**Material for this task**
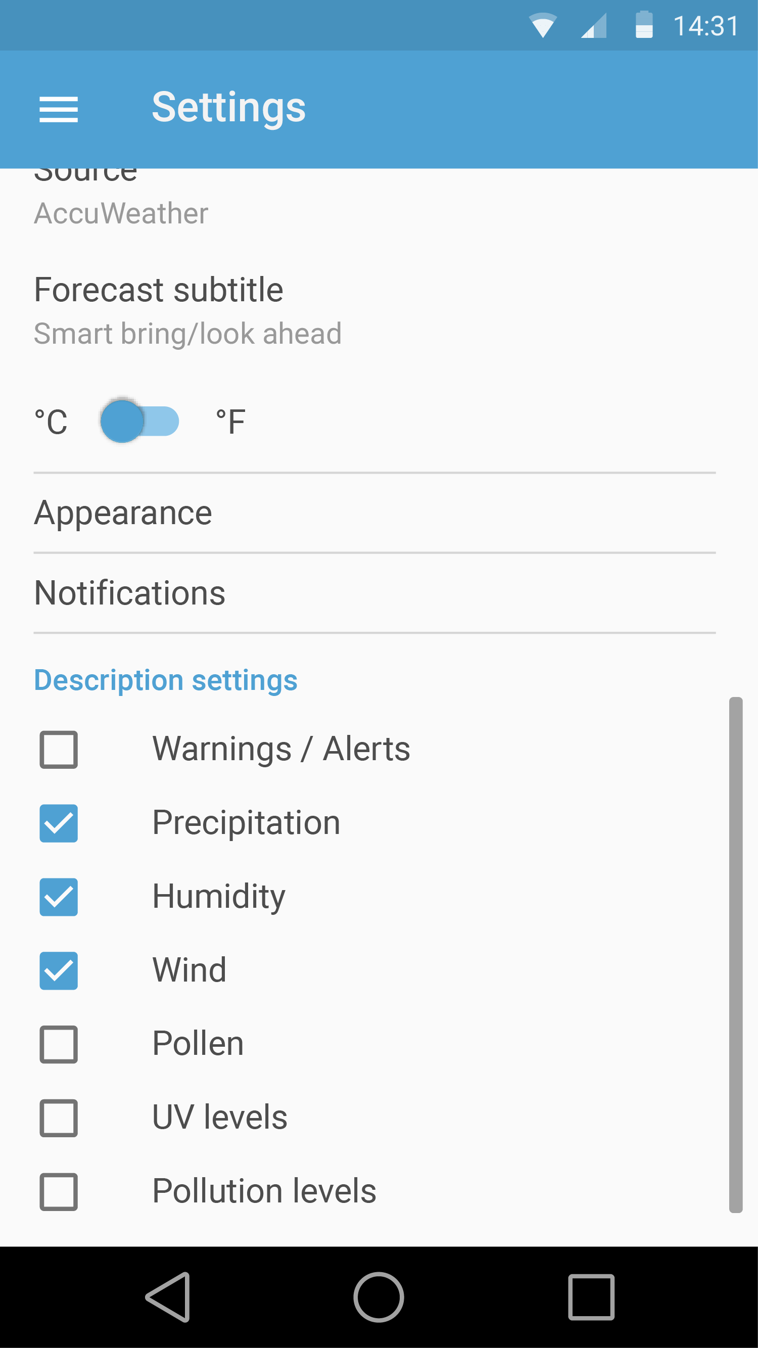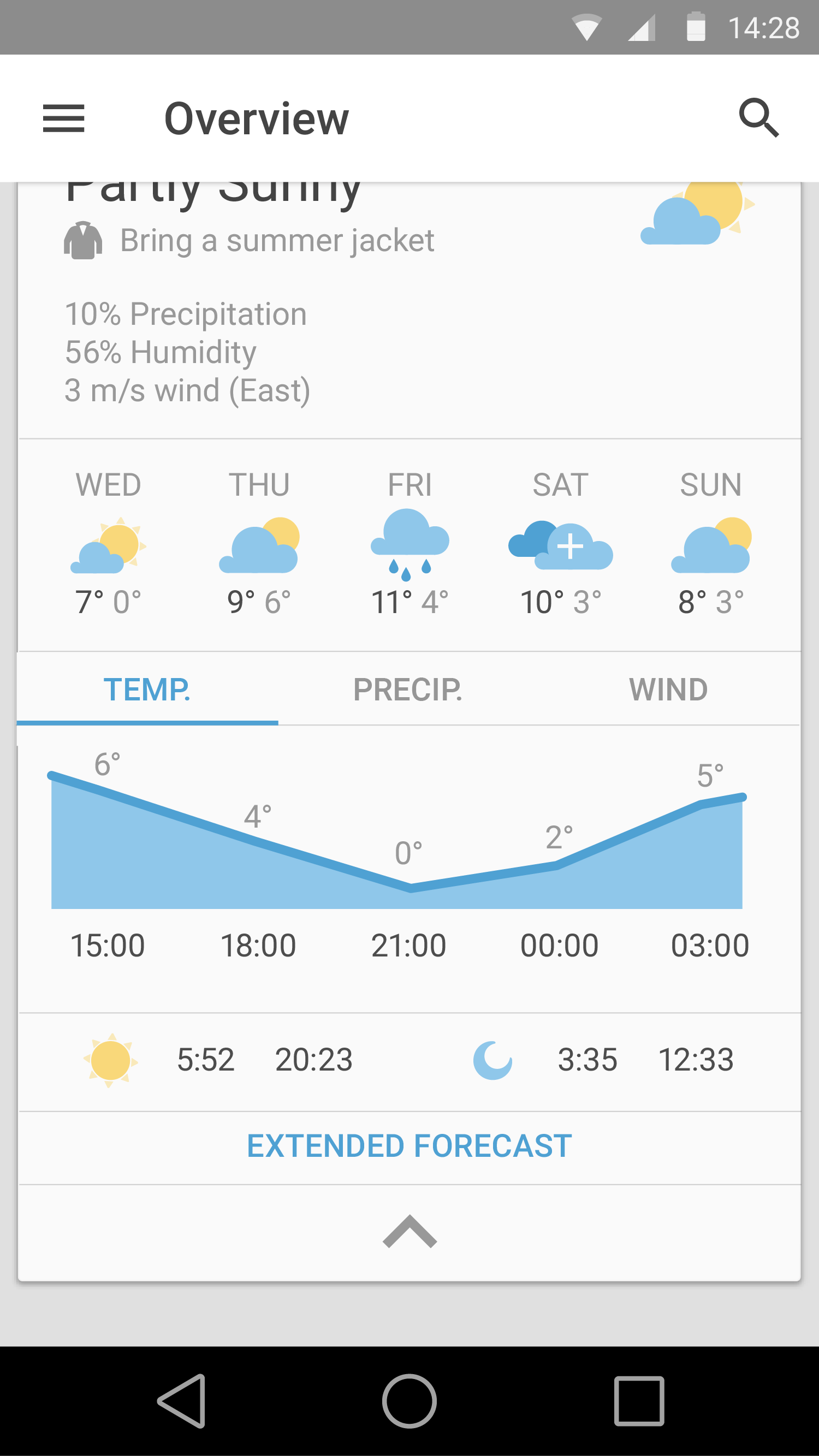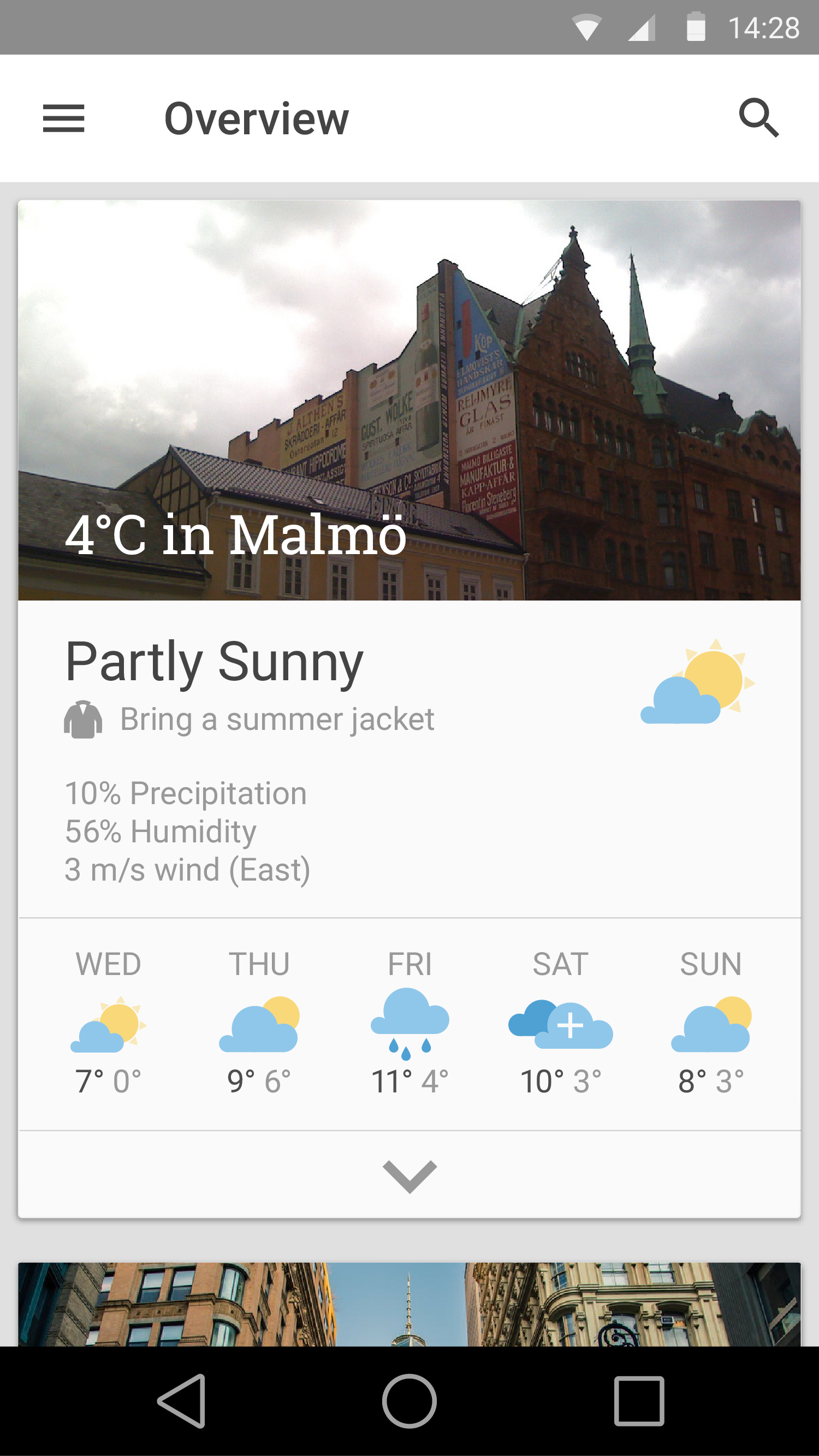 There are some settings which also allow the user to filter/customize the overview more with different types of data. The thought behind that is the ability to "collect" weather cards and still keep a relatively simple Overview screen that doesn't scroll for forever.
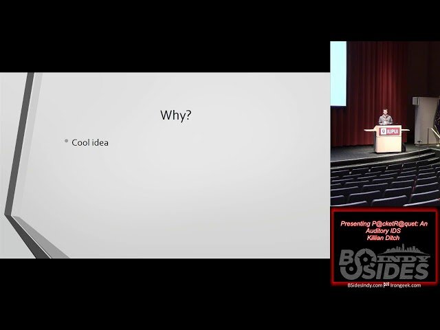 Explore an innovative approach to network security with this BSidesIndy 2018 conference talk on PcketRquet, an auditory Intrusion Detection System. Discover why this unique concept was developed, its functionality, and how it transforms TCP dumps into sound. Learn about the testing process, baseline sound establishment, and known issues. Gain insights into future plans for PcketRquet and potential challenges. Engage with the presenter, Killian Ditch, as he concludes the talk and addresses audience questions and comments.
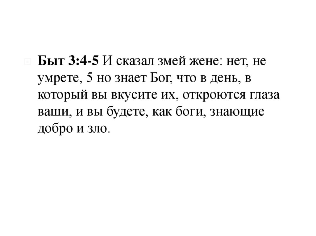 Быт 3:4-5 И сказал змей жене: нет, неумрете, 5 но знает Бог, что в день, в
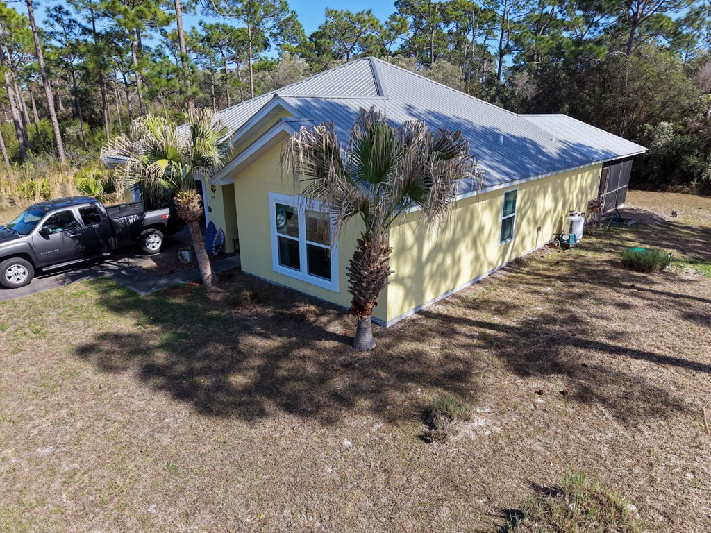 Welcome to peaceful living in the Whispering Pines community of Eastpoint. Tucked away on a quiet cul de sac, 652 Longwood Court offers comfort, charm, and space on a one acre homesite. Built in 2005, this well designed three-bedroom, two bath home features 1,492 square feet of heated and cooled living space with 2,268 square feet under roof including an attached two car garage. The layout offers thoughtful separation with the private primary suite located at the rear of the home complete with a walk in closet, while two additional bedrooms and a full bath are positioned at the front. The central living area creates a welcoming gathering space with an open living room, kitchen, and dining area along with a convenient pantry closet. French doors lead to a screened patio that extends the living space outdoors. Just beyond the patio is a small garden area that sits between the screened porch and a handy outdoor storage space, offering a pleasant spot for flowers, herbs, or quiet relaxation. Recent updates provide peace of mind including all new windows installed this year, a two year old HVAC system, and a new pump for the aerobic septic system installed this year. The home is served by public water. Set in a quiet neighborhood setting, this property offers the ideal balance of privacy, comfort, and convenience while remaining just minutes from the beautiful waters and coastal lifestyle of Franklin County. Buyer to verify all information through inspections, survey, elevation certificate, appraisal, or preferred due diligence. Taxes and insurance are specific to the current owner and may change at closing. Proof of funds or preapproval with offer.
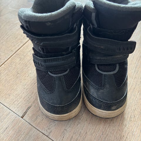 Skoene har vanntett Gore-Tex-membran, sklisikker yttersåle i gummi, og borrelåslukking som gjør det enkelt for små barn selv å ta skoene av/på. De er komfortable, stabile og støttende på foten. Skoene har fortsatt prislapp på, og ligger oppbevart i originalesken.
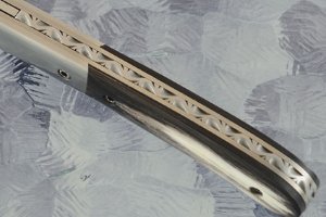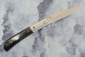 Buffalo horn scales are set on titanium liners. The scales are black with white highlights. They are perfectly dovetailed to satin finished 416 stainless steel bolsters. The backbar is fully fileworked. This slim profiled folder would feel at home in nearly any collection. Despite this, its convenience size will make it hard to keep out of your pocket.
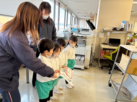 『まめまきをするのできてください♪』と"豆まき"の招待状を渡しに行ってきました!
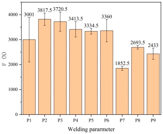 Figure 14 shows the tensile-shear strengths of different parameter. For welds produced at 1000 and 1500 rpm, the average failure load, more than 3000 N, was obtained for FSLW produced under 30, 50 and 70 mm/min. In comparison, the average failure load of ~2693.5 N was observed using a travel speed of 2000 rpm and the welding speeds of 30, 50 and 70 mm/min. When the rotation speed was fixed as 1000 and 2000 rpm, respectively, the mechanical properties of the joint first increased and then decreased with the increased welding speed. However, the mechanical properties of the joint slightly changed when the rotation speed was fixed as 1500 rpm. Based on the tensile-shear forces F, the mechanical property for each parameter was ranked in order of merit as follows: P2 > P3 > P4 > P6 > P5 > P1 > P8 > P9 > P7.
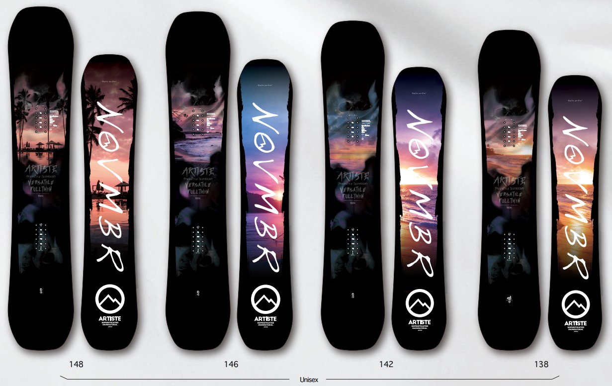 슬로프스타일이라는 프리스타일에서의 올라운드적인 능력을 요하는 카테고리에 대응하는 여러가지 성능을 가진 베스트샐러 ARTISTE가 풀모델체인지. 새로운 몰드는 접점 부근의 그립력을 향상시켜 카빙에서의 그립력을 강화하여 높은 프리라이딩 성능을 발휘합니다. 또한 복합 사이트컷을 사용하여 원호수를 증가시켜서 보다 스무스한 턴호를 그리게 해줍니다. 보강재에는 초고강도 폴리에틸렌리본 25W를 채용, 높은 반발력과 진동흡수성을 발휘합니다. 또한 A.P.A PLATE TYPE3 EVO를 배치하여 경량화와 충격흡수를 꾀하였습니다. 캠버에는 FULL CAMBER 를 채용하여 엣지그립의 강화에 의한 프리라이드 성능과 노즈/테일 부분의 높은 반발성능을 향상시켰습니다. 에어계열, 지빙계열 모두 대응하는 프리스타일 특성이 높지만, 기본이 되는 활주성이 높고 풀트윈이라고는 느껴지지 않는 카빙성능을 발휘합니다. 파우더라이딩이나 프리라이딩에 대응하는 셋백포지션이나 다채로운 스탠스와이드가 가능한 2x6 버서타일 인서트홀을 채용하여 보다 폭넓은 라이딩스타일에 대응합니다. 이 시대의 스노보드씬을 아우르는 정당한 진화를 계속하는 ARTISTE. 1장으로 다양한 시츄에이션에 대응하는 폭넓은 성능을 추구한 풀트윈모델입니다. 낭창하면서도 완벽한 발란스의 완성도 높은 버서타일모델입니다

**What is expected**
Set down the data exactly as it appears, without any images.

**Task response**
 There are some settings which also allow the user to filter/customize the overview more with different types of data. The thought behind that is the ability to "collect" weather cards and still keep a relatively simple Overview screen that doesn't scroll for forever.
 Explore an innovative approach to network security with this BSidesIndy 2018 conference talk on PcketRquet, an auditory Intrusion Detection System. Discover why this unique concept was developed, its functionality, and how it transforms TCP dumps into sound. Learn about the testing process, baseline sound establishment, and known issues. Gain insights into future plans for PcketRquet and potential challenges. Engage with the presenter, Killian Ditch, as he concludes the talk and addresses audience questions and comments.
 Быт 3:4-5 И сказал змей жене: нет, неумрете, 5 но знает Бог, что в день, в
 Welcome to peaceful living in the Whispering Pines community of Eastpoint. Tucked away on a quiet cul de sac, 652 Longwood Court offers comfort, charm, and space on a one acre homesite. Built in 2005, this well designed three-bedroom, two bath home features 1,492 square feet of heated and cooled living space with 2,268 square feet under roof including an attached two car garage. The layout offers thoughtful separation with the private primary suite located at the rear of the home complete with a walk in closet, while two additional bedrooms and a full bath are positioned at the front. The central living area creates a welcoming gathering space with an open living room, kitchen, and dining area along with a convenient pantry closet. French doors lead to a screened patio that extends the living space outdoors. Just beyond the patio is a small garden area that sits between the screened porch and a handy outdoor storage space, offering a pleasant spot for flowers, herbs, or quiet relaxation. Recent updates provide peace of mind including all new windows installed this year, a two year old HVAC system, and a new pump for the aerobic septic system installed this year. The home is served by public water. Set in a quiet neighborhood setting, this property offers the ideal balance of privacy, comfort, and convenience while remaining just minutes from the beautiful waters and coastal lifestyle of Franklin County. Buyer to verify all information through inspections, survey, elevation certificate, appraisal, or preferred due diligence. Taxes and insurance are specific to the current owner and may change at closing. Proof of funds or preapproval with offer.
 Skoene har vanntett Gore-Tex-membran, sklisikker yttersåle i gummi, og borrelåslukking som gjør det enkelt for små barn selv å ta skoene av/på. De er komfortable, stabile og støttende på foten. Skoene har fortsatt prislapp på, og ligger oppbevart i originalesken.
 Buffalo horn scales are set on titanium liners. The scales are black with white highlights. They are perfectly dovetailed to satin finished 416 stainless steel bolsters. The backbar is fully fileworked. This slim profiled folder would feel at home in nearly any collection. Despite this, its convenience size will make it hard to keep out of your pocket.
 『まめまきをするのできてください♪』と"豆まき"の招待状を渡しに行ってきました!
 Figure 14 shows the tensile-shear strengths of different parameter. For welds produced at 1000 and 1500 rpm, the average failure load, more than 3000 N, was obtained for FSLW produced under 30, 50 and 70 mm/min. In comparison, the average failure load of ~2693.5 N was observed using a travel speed of 2000 rpm and the welding speeds of 30, 50 and 70 mm/min. When the rotation speed was fixed as 1000 and 2000 rpm, respectively, the mechanical properties of the joint first increased and then decreased with the increased welding speed. However, the mechanical properties of the joint slightly changed when the rotation speed was fixed as 1500 rpm. Based on the tensile-shear forces F, the mechanical property for each parameter was ranked in order of merit as follows: P2 > P3 > P4 > P6 > P5 > P1 > P8 > P9 > P7.
 슬로프스타일이라는 프리스타일에서의 올라운드적인 능력을 요하는 카테고리에 대응하는 여러가지 성능을 가진 베스트샐러 ARTISTE가 풀모델체인지. 새로운 몰드는 접점 부근의 그립력을 향상시켜 카빙에서의 그립력을 강화하여 높은 프리라이딩 성능을 발휘합니다. 또한 복합 사이트컷을 사용하여 원호수를 증가시켜서 보다 스무스한 턴호를 그리게 해줍니다. 보강재에는 초고강도 폴리에틸렌리본 25W를 채용, 높은 반발력과 진동흡수성을 발휘합니다. 또한 A.P.A PLATE TYPE3 EVO를 배치하여 경량화와 충격흡수를 꾀하였습니다. 캠버에는 FULL CAMBER 를 채용하여 엣지그립의 강화에 의한 프리라이드 성능과 노즈/테일 부분의 높은 반발성능을 향상시켰습니다. 에어계열, 지빙계열 모두 대응하는 프리스타일 특성이 높지만, 기본이 되는 활주성이 높고 풀트윈이라고는 느껴지지 않는 카빙성능을 발휘합니다. 파우더라이딩이나 프리라이딩에 대응하는 셋백포지션이나 다채로운 스탠스와이드가 가능한 2x6 버서타일 인서트홀을 채용하여 보다 폭넓은 라이딩스타일에 대응합니다. 이 시대의 스노보드씬을 아우르는 정당한 진화를 계속하는 ARTISTE. 1장으로 다양한 시츄에이션에 대응하는 폭넓은 성능을 추구한 풀트윈모델입니다. 낭창하면서도 완벽한 발란스의 완성도 높은 버서타일모델입니다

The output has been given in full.